Treasury Stock Method
The Treasury Stock Method assumes employees exercise their in-the-money options and the company uses the cash it receives to buy back shares at market price. The net new shares are added to the basic count to get diluted shares.
Definition
The Treasury Stock Method (TSM) is the standard accounting technique for calculating the dilutive impact of in-the-money stock options, warrants, and other equity-linked instruments on a company's share count. Under TSM, in-the-money options are assumed to be exercised, and the proceeds the company receives from exercise are assumed to be used to repurchase shares at the current market price. The net incremental shares (shares issued from exercise minus shares repurchased) are added to basic shares to arrive at diluted shares outstanding, which is a critical input for equity value per share calculations in investment banking.
Formula
Net Dilutive Shares = Options Exercised − (Options × Exercise Price / Current Stock Price) Diluted Shares = Basic Shares + Net Dilutive Shares from All In-the-Money Tranches
Options Exercised
Total number of in-the-money options assumed to be exercised
Exercise Price
Strike price at which the option holder can buy shares
Current Stock Price
Market price used to determine how many shares the company can repurchase
Basic Shares
Currently outstanding shares, excluding any dilutive instruments
Treasury Stock Method
Calculating diluted shares outstanding
Identify options with strike < market price
Options exercised, company receives strike × shares
Proceeds used to repurchase shares at market price
Shares from exercise − shares bought back = dilution
TSM Example Walkthrough
Dilution Impact
Before vs after applying the Treasury Stock Method
Step-by-Step TSM Calculation
The TSM calculation follows four steps. First, identify all in-the-money options and warrants — those whose exercise price is below the current stock price (out-of-the-money instruments are excluded because rational holders would not exercise them). Second, calculate the total proceeds the company would receive if all in-the-money instruments were exercised: Proceeds = Number of Options × Exercise Price. Third, determine how many shares the company could repurchase at the current market price: Shares Repurchased = Proceeds / Current Stock Price. Fourth, calculate the net incremental shares: Net Shares = Options Exercised − Shares Repurchased. Finally, diluted shares outstanding = Basic Shares + Net Incremental Shares from all dilutive instruments.
Why TSM Matters for Equity Value
Diluted shares outstanding is the correct denominator when calculating equity value per share from the equity value bridge. If you use basic shares instead of diluted shares, you overstate the per-share value because you are ignoring the dilution from options that will almost certainly be exercised. In a football field chart or valuation summary, equity value per share = Equity Value / Diluted Shares Outstanding. The TSM is also used to calculate diluted earnings per share on the income statement, which is the metric that drives P/E ratio analysis and accretion/dilution in merger models.
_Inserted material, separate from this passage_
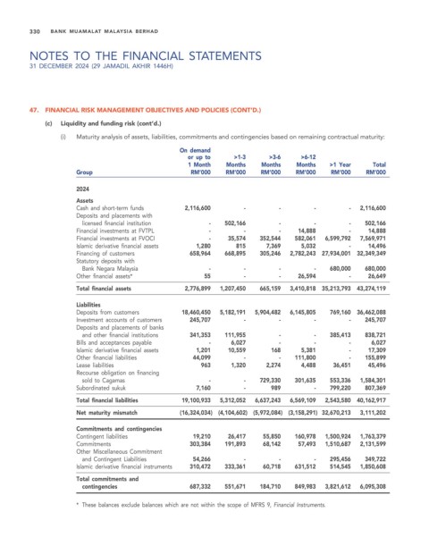(i) Maturity analysis of assets, liabilities, commitments and contingencies based on remaining contractual maturity:

Treatment of RSUs, Convertibles, and Other Instruments
Restricted Stock Units (RSUs) are treated differently from options under TSM because they have no exercise price — the full number of unvested RSUs is added to diluted shares (sometimes net of shares assumed withheld for taxes). Convertible bonds and convertible preferred stock are evaluated under the if-converted method: if conversion is dilutive (i.e., reduces EPS), the shares from conversion are added and the interest or dividend savings are added back to the numerator. In practice, bankers build an options waterfall table that groups all outstanding options by exercise price tranche, applies TSM to each in-the-money tranche separately, and sums the net incremental shares. This granularity matters because the dilutive impact varies significantly depending on how deep in-the-money each tranche is.
Worked Example — With Real Numbers
A company has 100M basic shares outstanding and the stock trades at $50. There are 10M options with an exercise price of $30 and 5M options with an exercise price of $60 (out of the money — excluded). For the $30 strike options: Proceeds = 10M × $30 = $300M. Shares repurchased = $300M / $50 = 6M. Net dilutive shares = 10M − 6M = 4M. Diluted shares = 100M + 4M = 104M. If equity value is $5.2B, equity value per diluted share = $5.2B / 104M = $50.00. Using basic shares would incorrectly yield $52.00 per share.
Key Takeaways
TSM only applies to in-the-money options/warrants — out-of-the-money instruments are excluded entirely
The net dilutive impact = options exercised minus shares repurchased with the exercise proceeds
A higher stock price increases dilution under TSM because the exercise proceeds buy back fewer shares relative to shares issued
Always use diluted shares (not basic) as the denominator for equity value per share and diluted EPS
RSUs are fully dilutive (no exercise price), while options are partially offset by exercise proceeds
Common Mistakes in Interviews
Including out-of-the-money options in the TSM calculation — they should be excluded because they would not rationally be exercised
Using basic shares instead of diluted shares in equity value per share — this overstates per-share value
Forgetting to group options by exercise price tranche — applying a single average exercise price can produce incorrect results
Treating RSUs the same as options — RSUs have no exercise price and are fully dilutive
How Interviewers Test This
The Treasury Stock Method is a favorite technical interview question. Be ready for: 'Walk me through how you calculate diluted shares.' Give the four-step process: identify in-the-money options, calculate proceeds, determine shares repurchased, find net dilutive shares. A common follow-up: 'What happens to dilution as the stock price increases?' Answer: dilution increases because the fixed exercise proceeds buy back fewer and fewer shares at the higher market price.